Let’s be honest here: when someone tells me they don’t watch, don’t like, or don’t have anything to do with animation, I can’t help but look at them with a little side eye. You know, that sidelong squinty-eyed glance of distrust? Yeah. Then I feel a little bad because, hey, it’s not like everyone works as an animator, writes about animation, watches animation in their spare time, and had dreams of creating their own animated series from the age of twelve. If a person doesn’t actively seek out animated content then how can they be expected to ever appreciate it?
The truth is that animation weaves through our daily lives in more positive ways than many of us realise. Whether it’s knowingly on our televisions or behind the scenes of our social and scientific advancements, animation affects more than just those of us who work with it. Check it out:
1) Animation is a trustworthy medium for education
From classic television to phones streaming curated Youtube playlists: if you grow up in a house with a screen you’re very likely to be faced with animation. A LOT of it. Japan notwithstanding, animation tends to be pigeonholed as a medium suitable only, and especially, for kids. And regardless of whether or not you agree with this idea, it does in turn has the effect of parents showing more animation television to their children, networks creating more animated children’s shows in response to demand, and kids growing up with a fond nostalgia for a medium that they associate solely with childhood fun. Trust and attention is naturally built between children and animation, in turn making it an excellent medium for early education.
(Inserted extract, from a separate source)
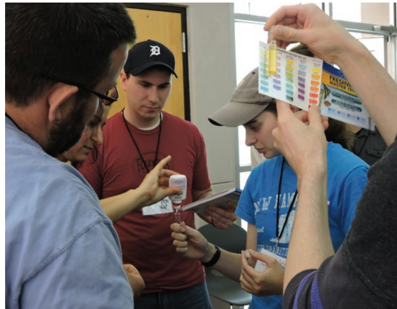
The 2016 North American salamander workshop brought together participants from seventeen institutions, representing zoos, universities and the private sector.

2) Animation helps share ideas through widely spread gifs and memes
Is there anything in our present day and age that spreads faster than a meme? Yes, a general sense of world weary cynicism, but besides that. Gifs, at one point the old-school clipart-esque joke of the internet, have in recent years become the little animated image format that could. Supported by most major social networks and sharing websites, a gif’s main purpose nowadays is virality. As Jason Eppink writes for the Journal Of Visual Culture, “a successful GIF is one that is shared, eclipsing its creator to become an essential part of a cultural conversation”.
So why, out of the many image and video formats, did the internet embrace the gif as their meme-sharing god? It seems the humble gif hits a sweet mix of 90s nostalgia, eye-catching visual media, and ultra short-form content. In other words, it’s the ideal easily consumable format for an age of wistful 90s kids who remember the early days of the internet with a heady mixture of fondness and satire.
3) Animation is a vital modelling tool of modern STEM fields
Beyond the scope of advertising and education, animation is used in plotting ideas, developing plans and helping predict outcomes in daily life. Just a few jobs off the top of my head which employ the services of animation to model or test ideas: architecture, civil planning, engineering of all kinds, environmental planning, urban planning, physics modelling, space exploration, real estate, meteorology, biology, medicine, forensics, aviation, and weather forecasting.
Almost anything in the fields of science, technology, engineering or mathematics can use animated models to project ideas that haven’t been constructed yet (architectural simulations, city planning, vehicle development), require exact mathematical specifications (space travel, bridge building), or would be difficult or impossible to capture on film (wind speeds and directions, molecules, crimes without video evidence).
4) Animation is an approachable way to present difficult or gruesome topics
There are some things that are simply more tasteful to present in a cartoony way. Medical terms, bodily functions, even death itself can be easily abbreviated into a non-threatening icon.
A simpler example can be found in the humble emoji. Imagine this guy in live-action. Call me a high-class snob but pass pass pass pass pass.
5) Animation helps describe big ideas in an easy-to-grasp way
It’s a point I’ve brought up before amidst singing the praises of explainer videos: animation is a great simplifier. Not to confuse simple with simplistic – making something simplistic is to underestimate the intelligence of the audience, but making something simple, something easy to understand, is an art.
Icons and graphics are used represent larger ideas very quickly, because coded visuals give our brains the information it needs based on context. A lightbulb flickering on means energy – a lightbulb above a head means an idea – a lightbulb fizzing out means our character hasn’t paid the electricity bill.
Colour symbolism can be much more easily set up and altered in digital animation than in live-action. Want to draw attention to a particular object or character? Paint them with a contrasting colour. Want an exaggerated feeling of sadness in one second flat? Your set can be blue, your text can be blue, and/or even your morose, hunched-over character can be blue. Want to contrast a number of different feelings with colour symbolism? You can do that too.
6) Animation is entertaining
Pure and simple, animation is a totally unique form of entertainment. From movies, to television, to web video and games, animation provides an inspiration that live-action film cannot by presenting the impossible, the otherworldly, or the financially impractical (crowd scenes of aliens playing Quidditch with legs for arms and arms for legs, anyone? …No? Alright, but you’re missing out).